Every six months around a certain prestigious accelerator’s demo day event, my Twitter feed lights up about how high seed valuations are in today’s market.
The conversation goes like something like this:
“Seed valuations are out of control.
I remember when they were $3M pre.
A lot of people are going to get hurt.
I can’t wait for the market to correct.”
My response:
“Then don’t invest in these companies.”
Valuation is the last thing on our due diligence checklist. How much is a startup worth? It’s worth what the market will pay. The valuation for an experienced team with a history of product success that has proven it can attract exceptional talent will garner a higher price from the market. You either believe that they can build a larger company well north of that valuation or you don’t.
There are plenty of examples of investing in early-stage teams at higher valuations than AngelList’s terrific startup data that go onto achieve phenomenal success. If you opine that you just won’t invest more than $10M pre in a seed company, then you have every right not to invest. I respect that, no foul. Just understand that your model may be different than other investing models in the market.
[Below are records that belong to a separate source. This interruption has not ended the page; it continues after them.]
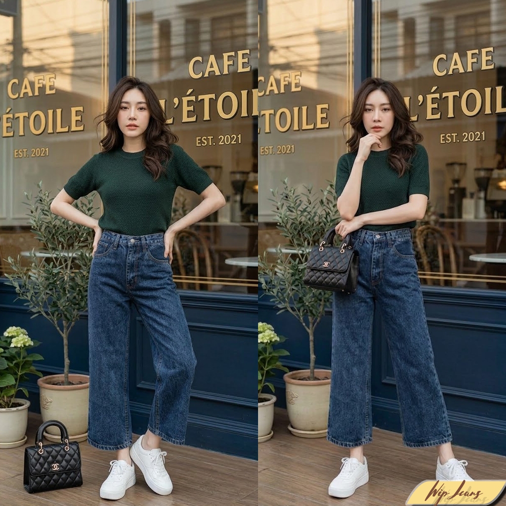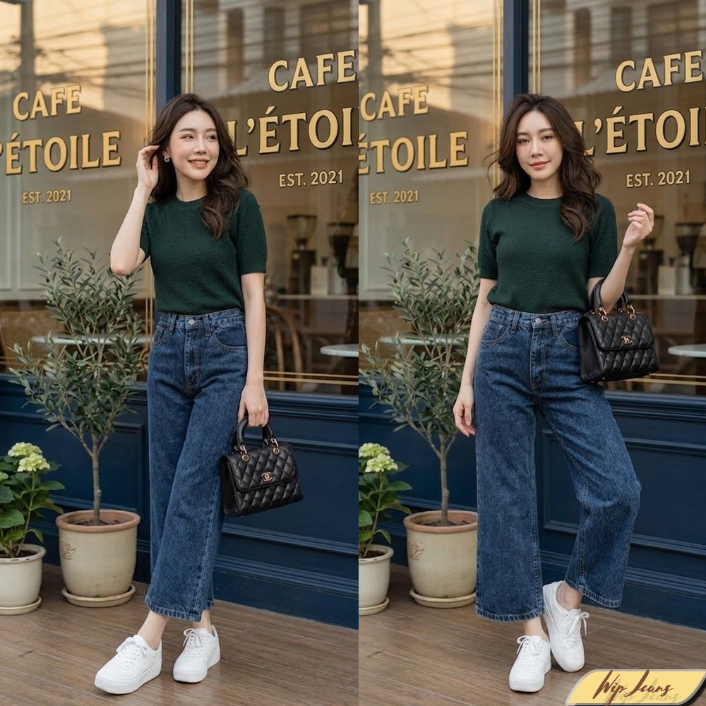 กางเกงยีนส์ขากระบอกทรง7ส่วนเอวสูงมีไซส์ใหญ่ S ถึง 5XL ขาเต่อใส่สบาย พรางหุ่นเป๊ะ แมตช์ง่ายได้ทุกลุค B004
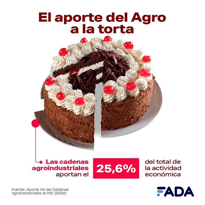El aporte de las cadenas agro al PBI nacional creció de 24,1% a un 25,6% en un año, comparando 2021 con el 2020. El dato deriva de un informe anual de FADA (Fundación Agropecuaria para el Desarrollo de Argentina) sobre el aporte de las cadenas agroindustriales al PBI, “a nuestra torta nacional”.
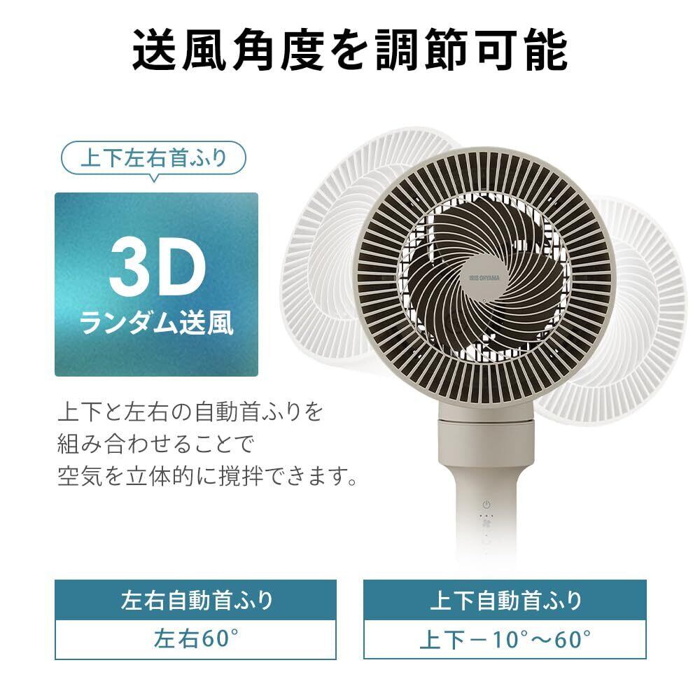 上下と左右の自動首ふりを立体的に組み合わせることにより、強力に空気を撹拌します。
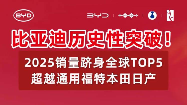 2025 年全球车企销量榜单近日出炉,比亚迪以 460.2 万辆的全年销量,首次跻身全球前五,成功超越通用、福特、本田等老牌车企,成为首个闯入该榜单前五的中国汽车集团。
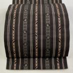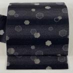 美品 名古屋帯 逸品 雪輪 段縞 黒 正絹 中古
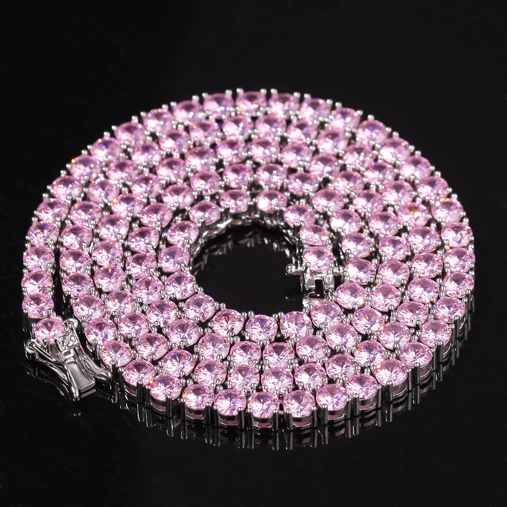 New Uwin Pink Baby Blue CZ Tennis Chain With Ankh Cross Pendant 4mm Cubic Zirconia Gold Silver Necklace
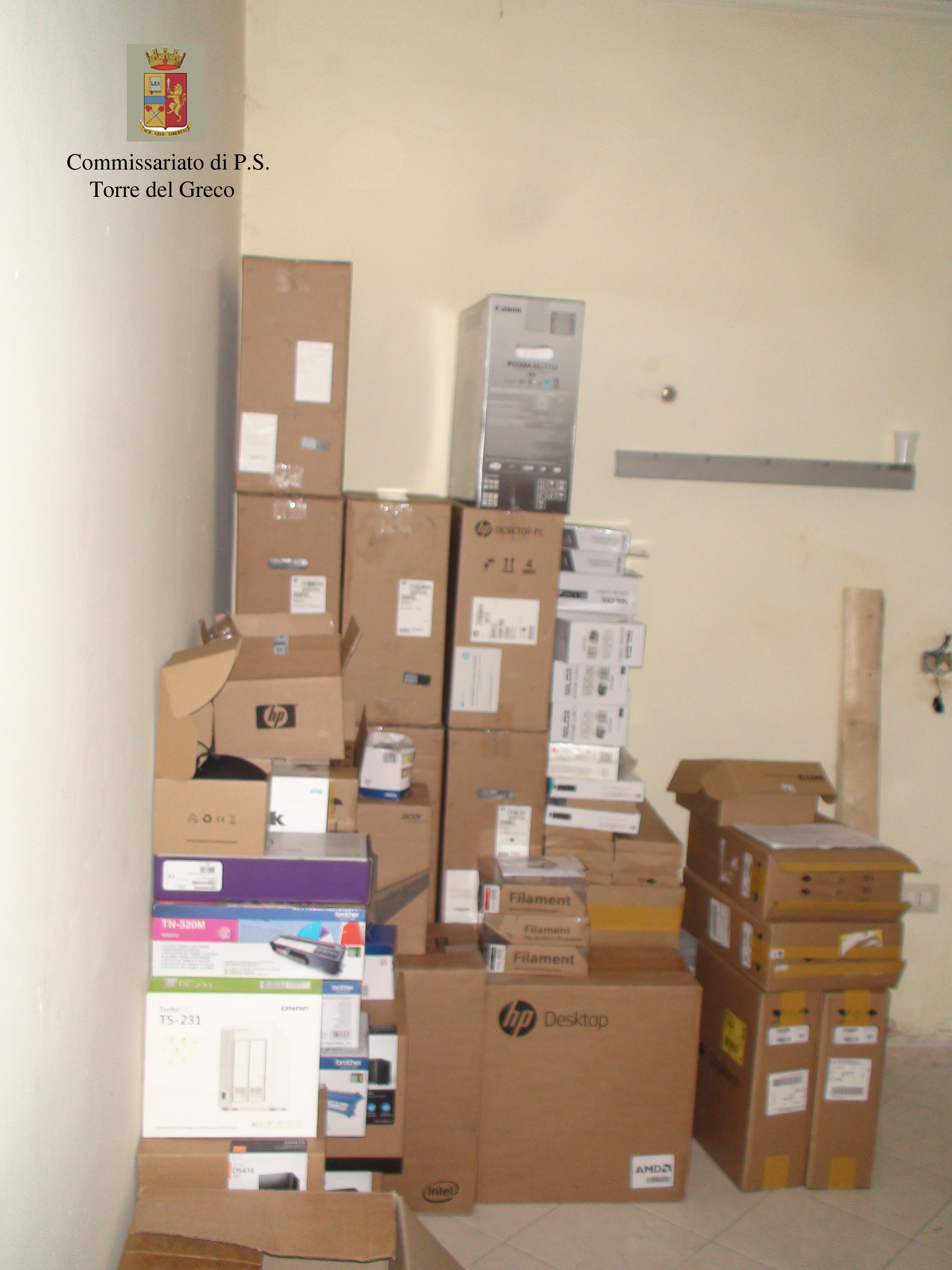 l’abitazione della donna in Via Nazionale, rinvenendo in una stanza dell’appartamento un ingente quantitativo di materiale informatico professionale e TV.

Even in the worst of markets, the best teams are expensive. Whether you choose to pay for this or not is your prerogative. Garry Tan (of earlier said prestigious accelerator) said it well the other day:
“There’s no such thing as value investing in early stage tech.”
Think about this imperfect example: pretend that you had an ability to invest in the 2014/15 Kentucky basketball team at the beginning of this season. They were widely regarded preseason as the team to beat with the best overall talent bar none. This team would have commanded the highest price available. If you didn’t want to pay the premium price, you would have missed the first college team to start a season 36–0. If they win it all, they will end up 40–0. Their price may now be seen as cheap given what they have achieved to date.
Just as the sun will rise every day in the east, look for this chatter to make its way back to Speaker’s Corner shortly. The valuation conversation has been around as long as I can remember, and will never rest well into the future.
Recipients of this post are not to construe it as investment, legal, or tax advice, and it is not intended to provide the basis for any evaluation of an investment in any fund. Prospective investors should consult with their own legal, investment, tax, accounting, and other advisors to determine the potential benefits, burdens, and risks associated with making an investment in any fund.